In Südbrandenburg sind offenbar gefälschte Impfstempel im Umlauf. In mehreren Apotheken seien Impfausweise mit einem gefälschten Stempel aufgetaucht, teilte die Stadt Cottbus mit. Die Anfragen zu diesem Stempel würden zunehmen, hieß es. In Brandenburg sind nach Angaben des Polizeipräsidiums in diesem Jahr bereits 277 gefälschte Impfausweise festgestellt worden.
Nach den Angaben aus Cottbus handelt sich um einen Stempel mit dem Aufdruck „Johanniter Unfallhilfe Impfzentrum BER Terminal 5P56“. Einen solchen Stempel habe es dort nie gegeben, so die Johanniter. Vor dem Erwerb eines Dokumentes mit einem solchen Stempel werde gewarnt.

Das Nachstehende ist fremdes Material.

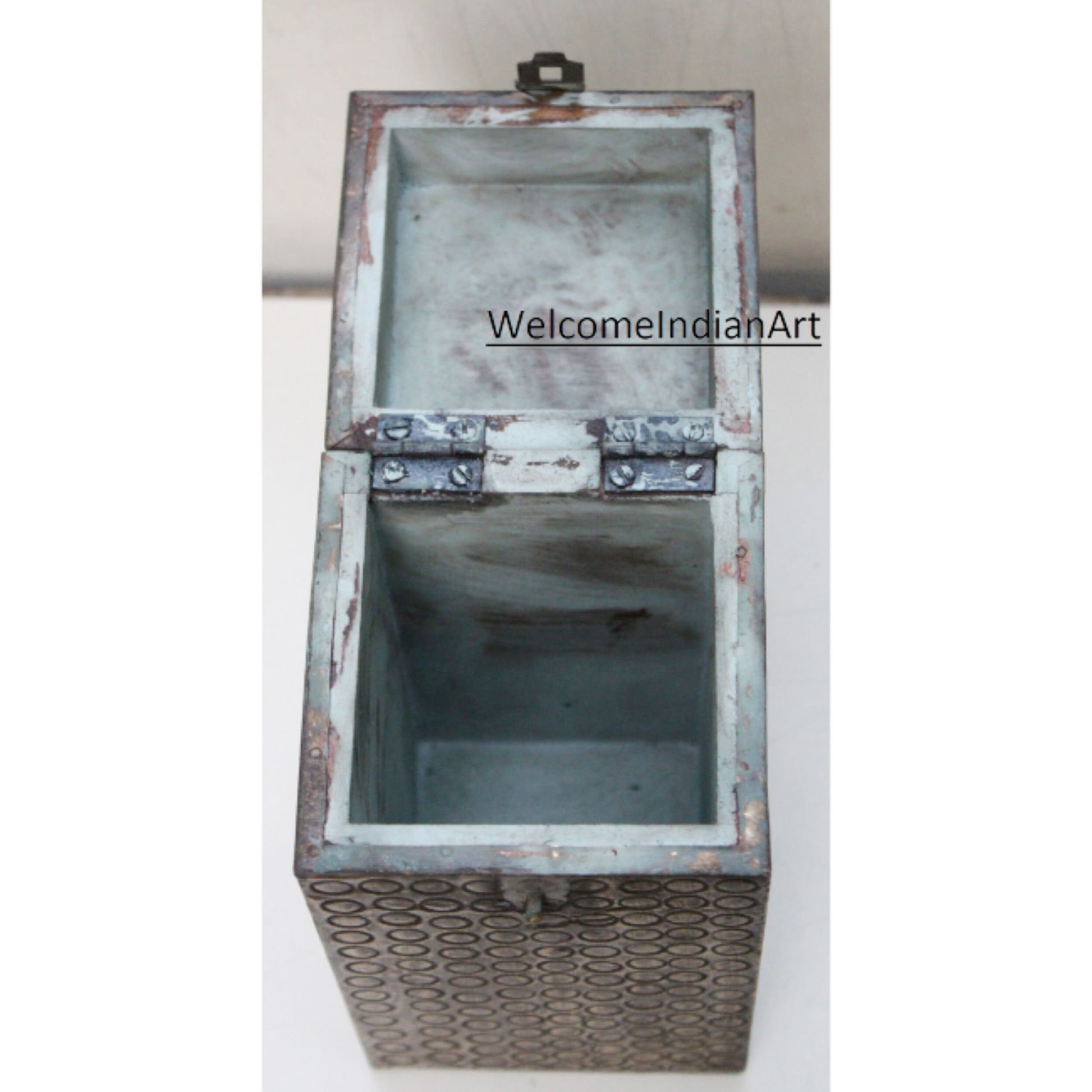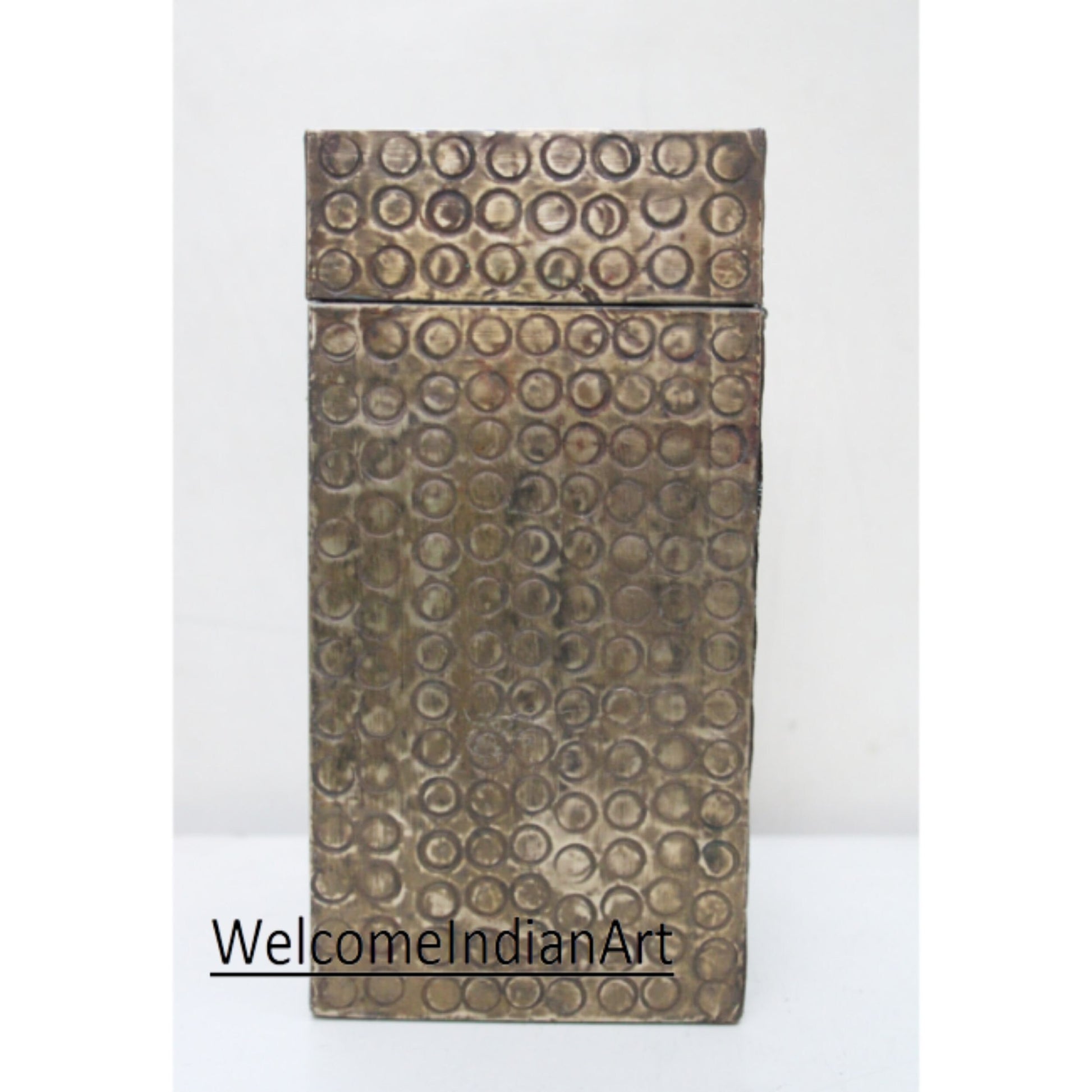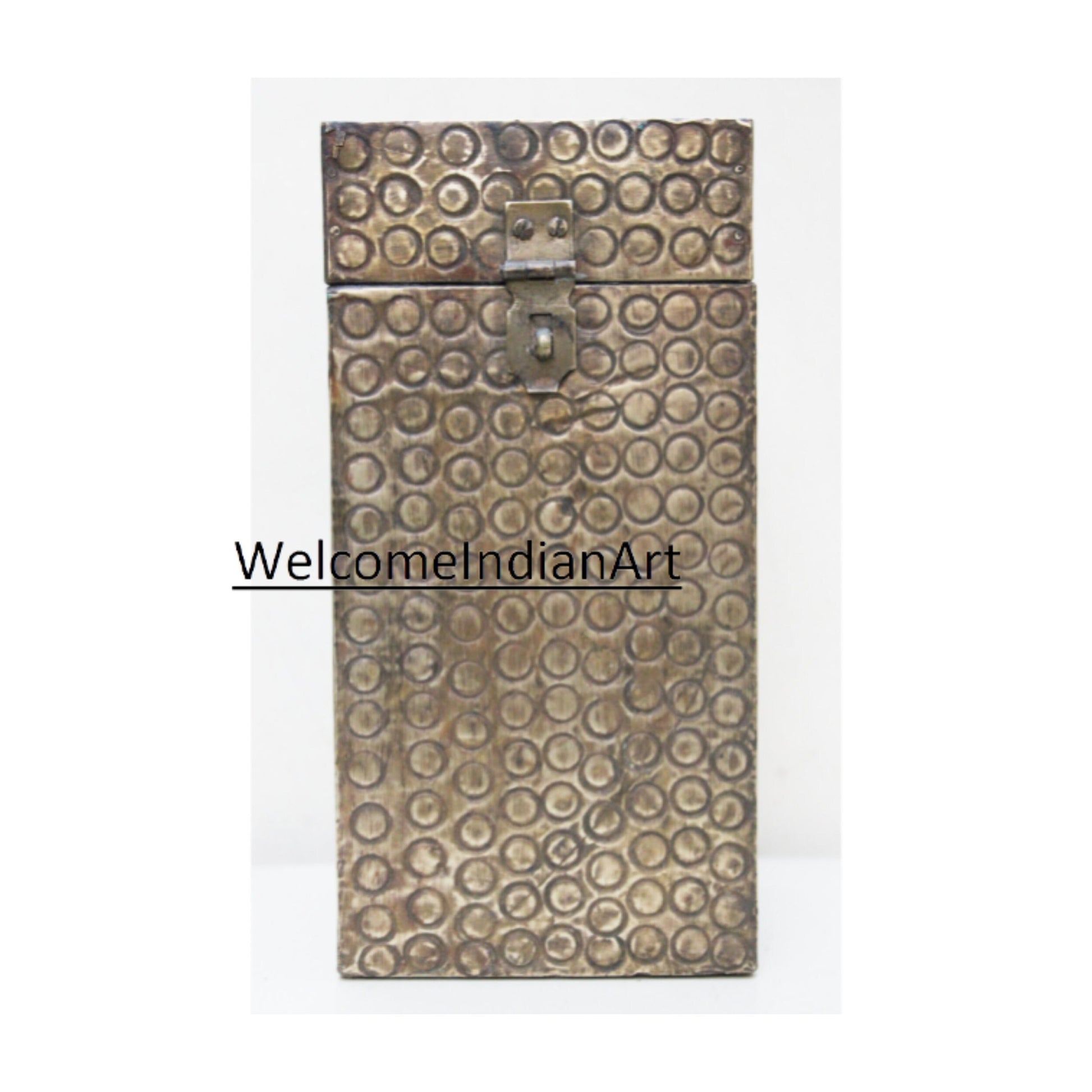 Wine Bottle Case liquor Box Wooden Wine Box Brass Work Vintage Handmade Old Indian Decor Art

Das Personal in der überregionalen Impfstelle sei entsprechend informiert und sensibilisiert, so Stadtsprecher Jan Gloßmann.

Die aktuellen Corona-Zahlen aus Cottbus

Cottbus ist seit geraumer Zeit die Kommune mit den höchsten Corona-Inzidenzen in Brandenburg. Die Zahl der labordiagnostisch bestätigten Covid-19-Infektionen in der Stadt ist seit Beginn der Pandemie am Donnerstag, 30.12., auf kumuliert 13.989 gestiegen. Das sind 134 Neuinfektionen mehr als am Vortag.
Die 7-Tage-Inzidenz – also die Zahl der Neuinfektionen binnen sieben Tagen auf 100.000 Einwohnerinnen und Einwohner – liegt bei 686.
253 Personen sind seit Beginn der Pandemie im Zusammenhang mit dem Virus verstorben.
Derzeit werden im Cottbuser Carl-Thiem-Klinikum 50 Patienten, die an Corona erkrankt sind, stationär behandelt, davon elf auf der Intensivstation. Das Durchschnitts-Alter der ITS-Patienten beträgt 54,3 Jahre. Von diesen 50 Patienten sind 41 nicht geimpft, darunter neun der elf ITS-Patienten.
Im Cottbuser Sana-Herzzentrum werden zehn Patienten, die an Covid-19 erkrankt sind, stationär behandelt, davon fünf auf der Intensivstation.